What these new gods may have wanted has little or nothing to do with it. While the young Haile Selassie was focused on securing his newly acquired throne in Addis Ababa, an assortment of prophecy-minded Jamaicans—without anyone thinking to consult the Ethiopian monarch—read the coverage of his coronation and “had the same idea almost simultaneously,” that the emperor of Ethiopia, with the white rulers of Europe paying him homage, must be ex officio the holy redeemer of the world’s Black people. Even as the new ruler set aside his birth name, Tafari Makonnen, what would eventually become nearly a million people were gathering to the worship of Ras Tafari.
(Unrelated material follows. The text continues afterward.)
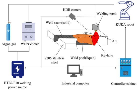 As a welding method with high energy input, K-TIG welding plays a crucial role in the field of medium–thick plate welding. Medium–thick material plates, like titanium alloy, duplex stainless steel, and low carbon steel, can perform a single-sided weld and a double-sided form in a single pass without opening grooves [1,2,3]. It is often combined with robots for automatic welding in practical industrial production, but it is still difficult to achieve precise real-time regulation during the complex welding process. To improve the intelligent automation level of welding technology, scholars have paid much attention to monitoring the welding process [4].
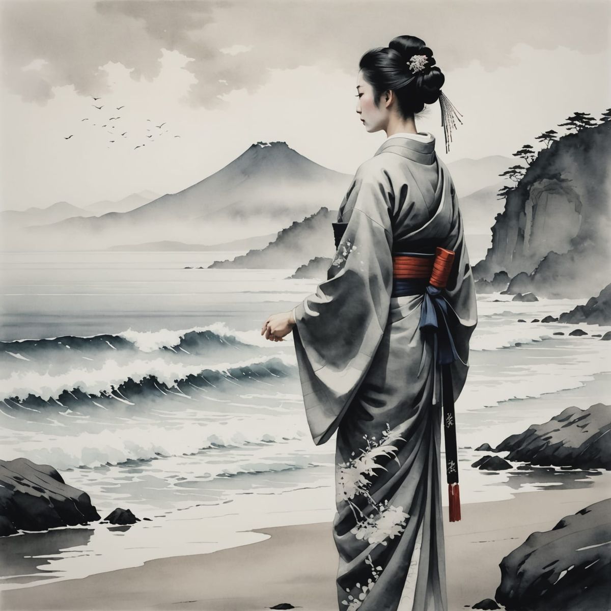 This image shows a geisha in traditional dress standing by the sea. The artwork is in a minimalist style, reminiscent of traditional ink wash painting with soft monochrome tones.

Countless people have embraced, and acted on, premises at least as strange as the ones swirling around American politics today. In 1921, a tale spread through India that Gandhi had walked unscathed through fire to win independence from the British in a wager, and “huge crowds assembled in triumph, believing that India was free.” A year later, convinced Gandhi’s spirit turned bullets to water, protesters swarmed a police station, were shot, and retaliated with arson, killing 23 officers and sparking an uprising. “Gandhi had become a dark double of himself, a divine twin who undermined his own message of nonviolence by igniting an incendiary love,” Subin writes.

Nor did these events move only from the bottom of empire upward. The Suez Canal, Subin recounts, was begun by “an eccentric group of pilgrim-engineers,” as a spiritually masculine construction project to complement their quest in Egypt for a female messiah.

Sikor Natuan, the son of a local chief in the Pacific archipelago nation of Vanuatu, holds portraits of Prince Philip, whom Natuan’s village worshipped as a god.

The whole history of first contact, in which explorers and conquistadors were received as gods, was told by the explorers and conquistadors themselves, entangling barely understood indigenous words for strangeness with their own imported concepts of holiness. Under this reversal, Subin writes, “[a]potheosis was the natives’ mistake, and so Europeans could claim no responsibility for it.” From this myth of themselves as visibly separate and divine, she argues, the colonizers would develop their belief in racial distinction. “With the arrival of the new deities, the modern concept of race had come into the New World.”

Subin writes about these concepts and events essayistically, flowing from historical narratives and case studies to flashes of epigrammatic insight. What seems like a symbolic resonance often enough turns out to be literal (“This will show the world / That we are / Male,” a leader of the Suez project wrote in a poem), and what sound like distant spiritual curiosities turn out to be disconcertingly close.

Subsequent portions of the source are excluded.